A Baker’s Dozen Scientific Issues Pointing to an Old Earth
Thirteen scientific examples from nature that contradict Young Earth Creationism (YEC) and Flood Geology (FG)
Issue #13: Diagenesis and changes in Rock over Time
Limes and sands have changed to rocks over the course of more time than the YEC models allow.
Issue #12: The size of the Universe… distant stars
The universe is large and the speed of light is known and we quickly come to transit times that don’t fit the YEC timeline.
Issue #11: Tectonic Rates
The Earth’s tectonic plates have moved very slowly as our modern oceanic crust developed.

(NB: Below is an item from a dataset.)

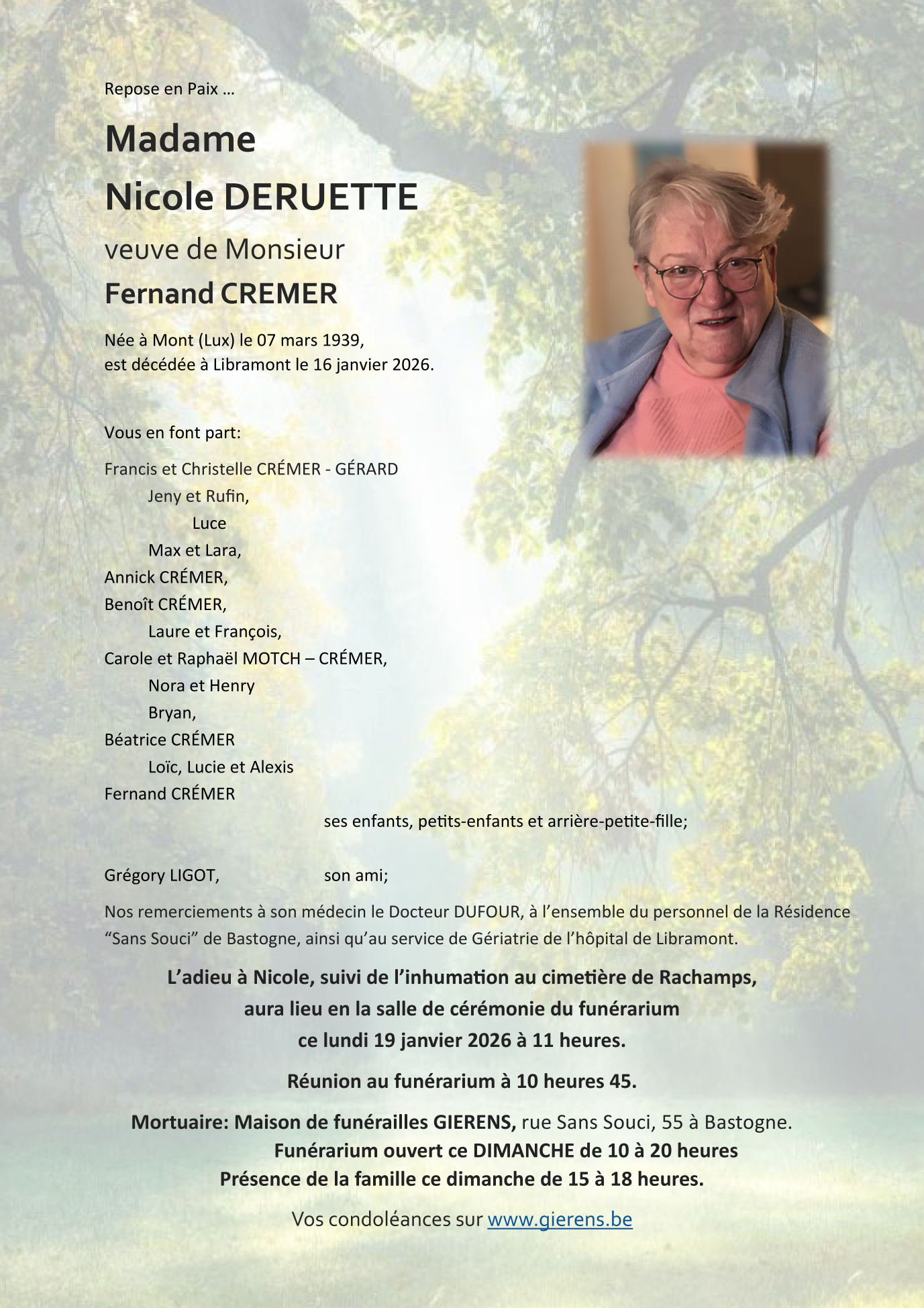 Décédée à Libramont-Chevigny (6800) le vendredi 16 janvier 2026 à l'âge de 86 ans

Issue #10: Igneous Intrusions
We find large intrusive igneous bodies at the surface. It takes a long time for large buried igneous magma to cool. We find clasts of granite cooled and eroded out by the mid-Cretaceous period. This could not have happened during a 1-year flood
Issue #9: Volcanos
We find volcanos that developed through the geologic record at multiple times in non-marine settings, not the result of one catastrophic year.
Issue #8: Paleosols
Within the FG flood interval, we find many well-developed soils. Many show well developed root systems. Others show well developed caliche zones that tell us the climate was semiarid and stable for a period of time.
Issue 7. Finding the Flood
Columns from many YEC authors with radically different interpretations of the flood interval. If this truly was a single global catastrophe, why can’t the believers agree on where it is? I showed that their models tell us the rates of deposition that they demand and thus demand radically catastrophic processes, that are not observed.
Issue #6: Stromatolites
Stromatolites are deposits, usually from tides that repeatedly covered and uncovered algal mats that trapped sediment. Some showed classic birdseye structures that result from exposure and drying of the mats for some periods of times. Stromatolites are found in essentially every age of rock that is interpreted as flood deposits.
Issue 5. Dinosaur tracks and coal
I show an example from Utah documenting many features inconsistent with a flood model. Thick coal bed with storm deposited siltstone with dinosaur tracks from a swamp with tree roots from many trees preserved in place; dinosaur tracks walking over units covered by mud cracks, etc.